Apple’s dystopian workplace series “Severance” is every Big Tech worker’s nightmare

The first thing you notice about the new Apple TV+ series Severance is how very Apple it is. From the minimalist sets, to the austere lighting, to the precise economy of words delivered by its characters, it all has that Jony Ive less-is-more touch. 

But beneath the surface, what Severance does best is portray the deep dread of office drone life, the one so many US workers have rebelled against via the Great Resignation. Set in a fictional company called Lumon Industries, the workers of Severance have volunteered to allow their minds to be separated into work life and home life—a process called severance—with neither half having a memory of the other.  

“It really was born of my own corporate misery,” show creator Dan Erickson told Variety, citing his early days as an office worker in Los Angeles.  

The show’s theme of office dread has clearly has touched a nerve, as it is now the best-reviewed Apple TV+ original series among critics and fans. 

Corporate culture that hits too close to home?

The irony of Severance becoming Apple’s most popular original series to date lies in the fact that the corporate science fiction drama so perfectly mirrors much of what the public has come to know about the tech giant in real life. 

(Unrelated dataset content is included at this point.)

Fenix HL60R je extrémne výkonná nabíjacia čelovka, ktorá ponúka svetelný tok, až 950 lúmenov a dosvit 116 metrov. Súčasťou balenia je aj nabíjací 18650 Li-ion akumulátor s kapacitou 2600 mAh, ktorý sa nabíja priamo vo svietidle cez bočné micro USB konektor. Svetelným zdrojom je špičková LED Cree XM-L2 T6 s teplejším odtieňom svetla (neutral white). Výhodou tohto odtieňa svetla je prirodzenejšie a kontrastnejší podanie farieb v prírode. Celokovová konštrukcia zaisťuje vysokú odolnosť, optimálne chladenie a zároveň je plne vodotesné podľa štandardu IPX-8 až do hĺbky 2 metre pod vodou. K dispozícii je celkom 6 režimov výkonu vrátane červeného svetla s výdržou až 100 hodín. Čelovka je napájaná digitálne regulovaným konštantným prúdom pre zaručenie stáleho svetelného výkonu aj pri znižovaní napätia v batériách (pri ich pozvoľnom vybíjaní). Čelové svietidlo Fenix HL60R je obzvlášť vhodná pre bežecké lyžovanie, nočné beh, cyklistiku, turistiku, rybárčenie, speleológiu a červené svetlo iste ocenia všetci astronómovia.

Lumon’s offices, filmed in part at the neo-futuristic Bell Labs Holmdel Complex in New Jersey, are oddly reminiscent of Apple’s own Apple Park campus in Cupertino, California, in 2017. The 1970s-style computer terminals used by the characters, played by Adam Scott, John Turturro, Christopher Walken, and Patricia Arquette, also have the faint whiff of Apple’s original design aesthetics made famous by the 1984 Macintosh computer. 

Similarly, the memory-inhibiting procedure, which is, according to non-severanced managers, meant to protect corporate secrets, echoes the notoriously stringent approach Apple takes toward secrecy. In 2021, a terse letter from Apple CEO Tim Cook leaked in which he told employees, “people who leak confidential information do not belong here.”

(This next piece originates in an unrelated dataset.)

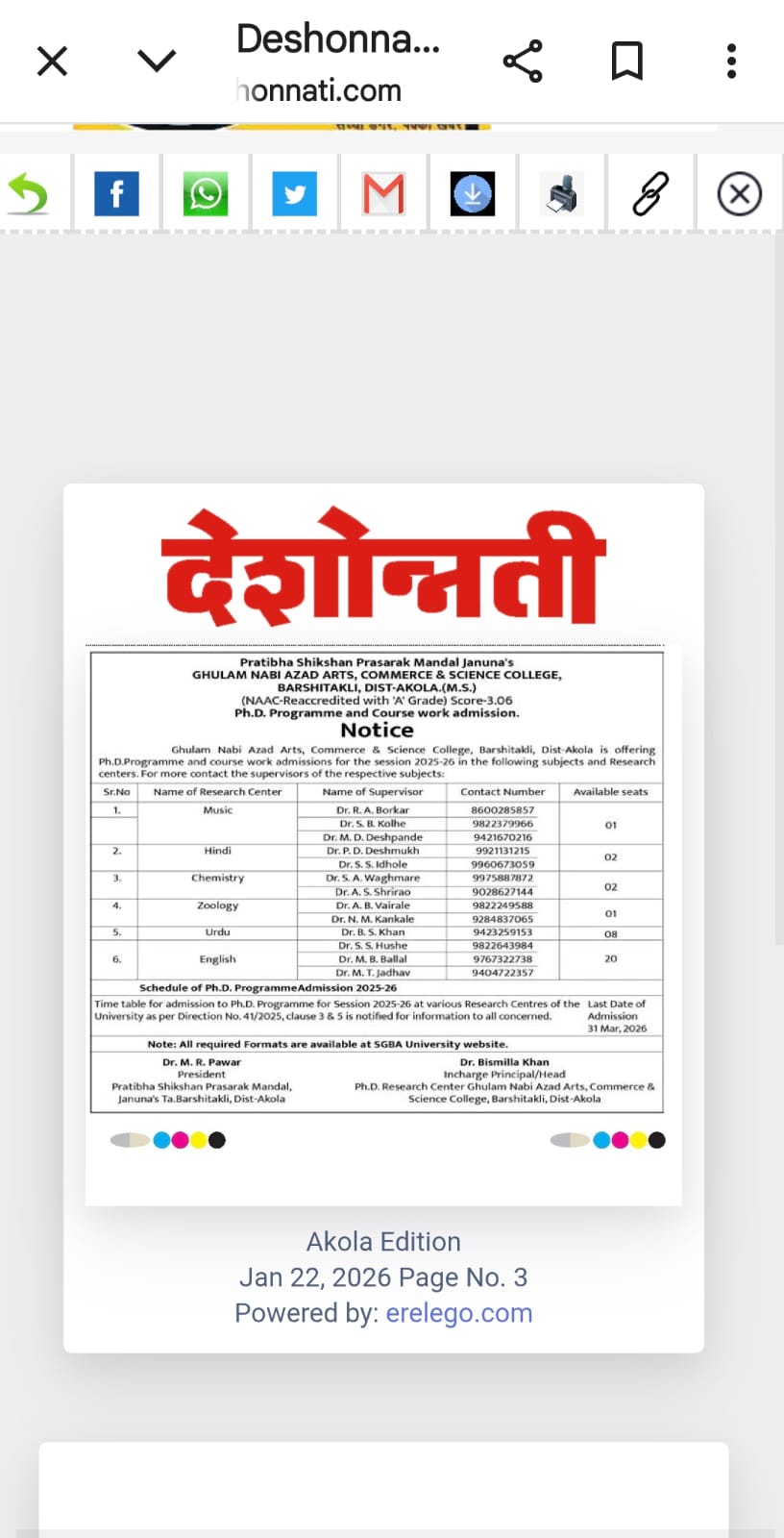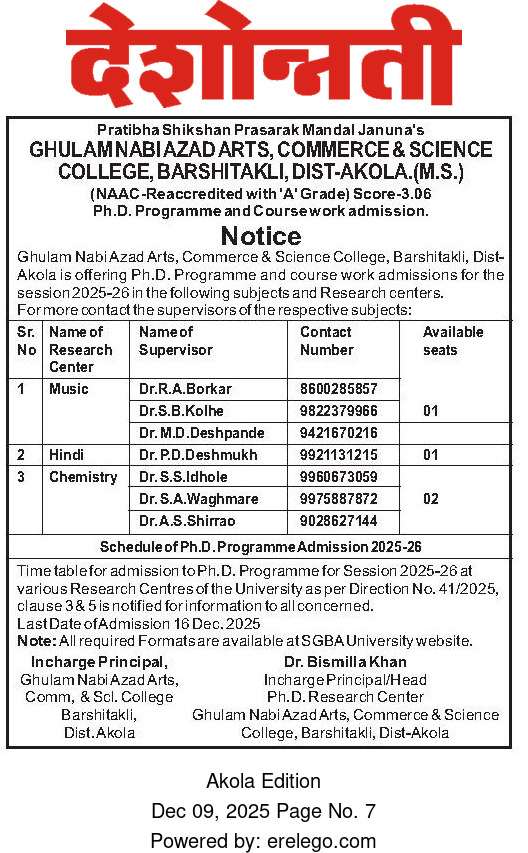 Pratibha Shikshan Prasarak Mandal Januna's Ghulam Nabi Azad Arts, Commerce & Science College, Barshitakli Dist-Akola.

Apple’s real life as science fiction

Aside from the many similarities shared by Apple and Lumon on an organizational level, Severance also mocks the modern corporate culture of psychometrics as a productivity tool. Scott’s Macro-Data Refinement team is frequently pummeled back into compliance with dictums that could be pulled from the pages of Gallup’s StrengthsFinder 2.0

The invasive nature of the severance procedure—think Elon Musk’s Neuralink brain chip—as well as public protests against the practice, indicates that this could be some form of prison. The metaphor works as a dystopian take on incarceration and as a critique on the modern office-as-second-home proffered by the likes of Apple, Google, and Facebook. 

“Hell is just the product of a morbid human imagination,” Arquette’s character says during a management meeting. “The bad news is whatever humans can imagine, they can usually create.”